Yes, I do want it, mostly so that I can set it next to my Macbook Air
(mid-2012) for a full day's worth of power, as is the use case shown so
prominently on the web site.

Take away the MagSafe 2 and I don't want it.

------
kiddz
This looks like a great idea. We are applying to the upcoming class with a
different approach though. Instead of owning batteries (however spectacular
they are), we think it's about creating a network to share batteries. Think
bike share for batteries.

Would love to chat about using Gbatteries in such a network.

------
oddevan
> note it does not charge the internal Macbook battery. Instead BatteryBox
> feeds power directly to the Mac in an effort to minimize the number of
> cycles (and stress) on the internal battery.

Is this something that any power adapter does? Is there something in the way
they have it connected that does this?

------
4684499
I don't know why many people are focus on Apple or protable battery. With such
tech, the potential could be anywhere need an efficient energy solution. The
BatterBox might be the first appliance. Are you willing to buy something cost
you 10 bucks while it saves you 20 bucks?

------
rosser
How is this different from my HyperJuice? That gives me 50Whr, too, and also
has a USB port.

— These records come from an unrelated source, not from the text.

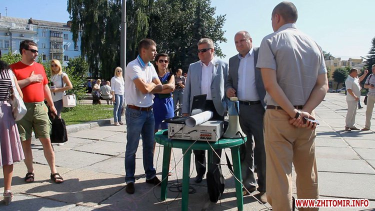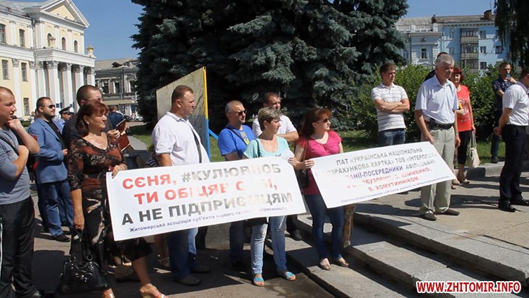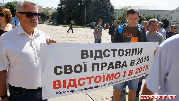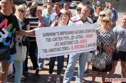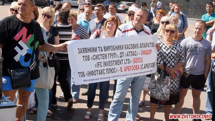 Близько сотні приватних підприємців зібрались на майдані Корольова біля облдержадміністрації у середу 24 червня. Організатори протестної акції розповідають: представники малого та середнього бізнесу прийшли, аби висловити незгоду з обов'язковим введенням касових апаратів. Підприємці переконані, якщо у Верховній Раді приймуть закон «Про застосування реєстраторів розрахункових операцій у сфері торгівлі, громадського харчування та послуг», то таким чином депутати знищать малий бізнес у державі.
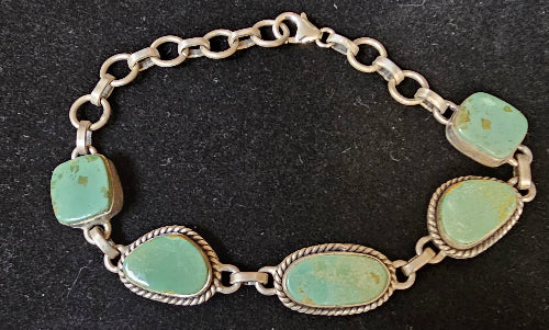 Amazing Emerald Valley turquoise and sterling silver adjustable bracelet. Emerald Valley comes from Nevada. Close to the Royston mine. EV is known for the deep green to classic Nevada green hues. EV often has brown matrix and is a highly desirable type of turquoise.
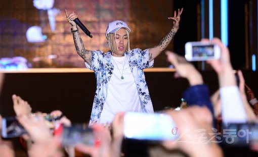 29일 강원도 양양 낙산해수욕장에서 2017 비키니코리아 & 낙산비치페스티벌이 열렸다. 랩퍼 도끼가 열정적인 공연을 펼치고 있다.
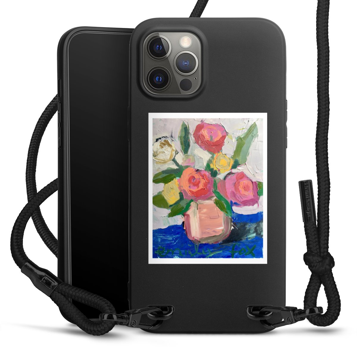 The matt black silicone case is made of flexible TPU (thermoplastic polyurethane) and offers robust protection. The durable, unbreakable material makes the cover flexible and dimensionally stable at the same time. The matte surface makes your design stand out more and is less susceptible to fingerprints and dirt. The stylish trend accessory fits comfortably in the hand and is perfectly complemented by the fabric (polyester) mobile phone strap. The braided fabric strap is approx. 1.70 metres long with a diameter of approx. 0.5 cm. Due to the special knotting technique, the length of the strap can be adjusted by simply pulling it, so that you can adapt it individually to your wishes. The practical case to wear around your neck is available with the fabric strap in black. As a little icing on the cake, we have provided the strap with a chic metal fastener in matt black. The strap is securely fastened to the case with loops made of high-quality genuine leather and press studs. The ends of the fabric strap are covered with metallic end caps and thus protected from fraying.
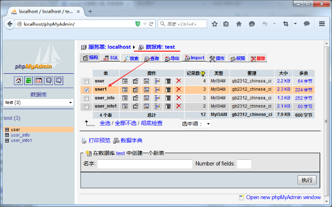 (2)mysql数据库搭建:在数据库test内新建一个数据表user1
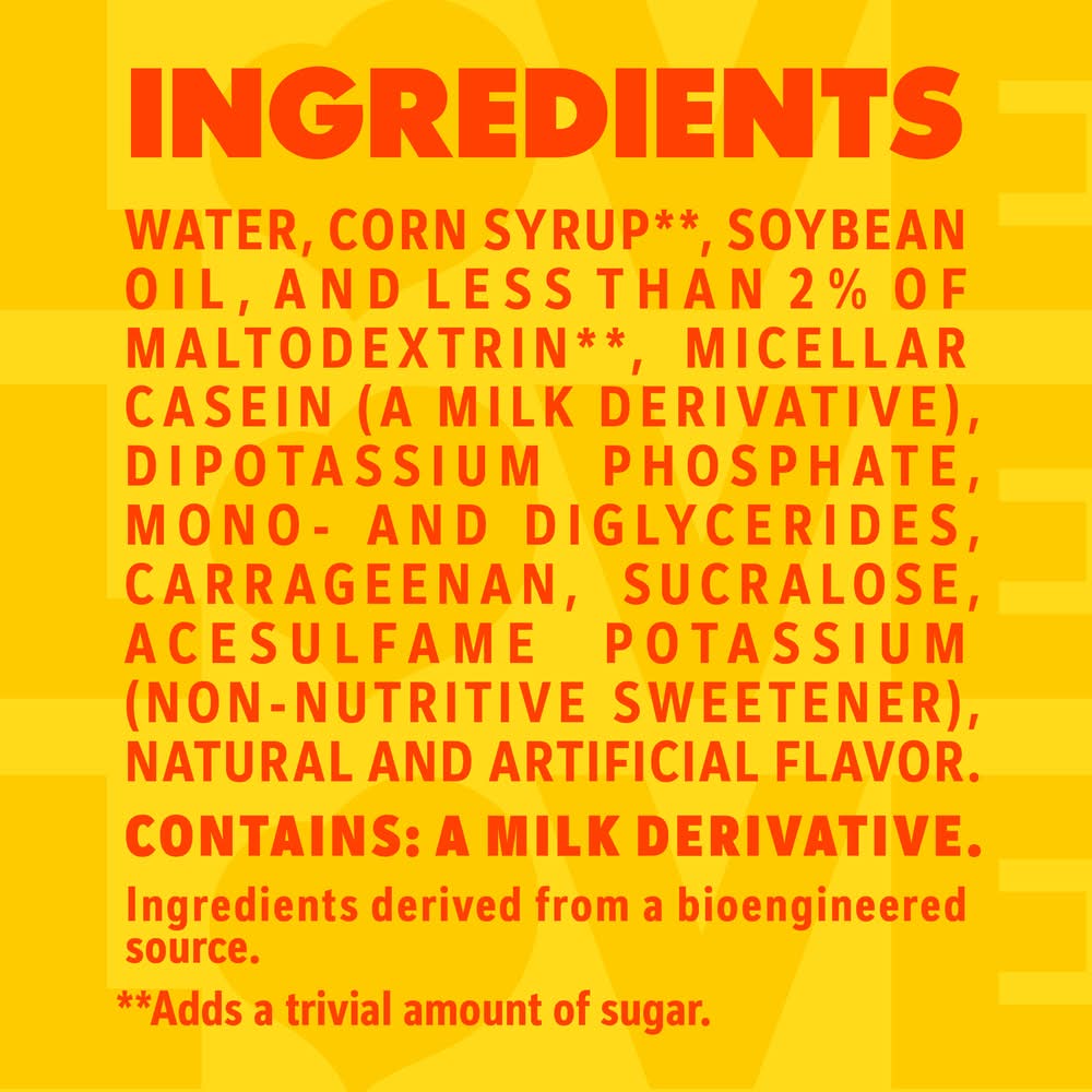 Ingredients: WATER, CORN SYRUP**, SOYBEAN OIL, AND LESS THAN 2% OF MALTODEXTRIN**, MICELLAR CASEIN (A MILK DERIVATIVE), DIPOTASSIUM PHOSPHATE, MONO- AND DIGLYCERIDES, CARRAGEENAN, SUCRALOSE, ACESULFAME POTASSIUM (NON-NUTRITIVE SWEETENER), NATURAL AND ARTIFICIAL FLAVOR. **Adds a trivial amount of sugar Contains: CONTAINS: A MILK DERIVATIVE.

It pretty much doubled the life of my Air, and slightly less
for my 13" rMBP (Haswell i5, with 16GB).

------
tim333
Their patent I believe:
[https://www.google.com/patents/WO2013142964A1](https://www.google.com/patents/WO2013142964A1)

------
Zenst
Nice though would not a A4 (laptop sized) slab instead of a box be better as
could then sit under the laptop and also easily fit inside the laptop case.

Just a thought.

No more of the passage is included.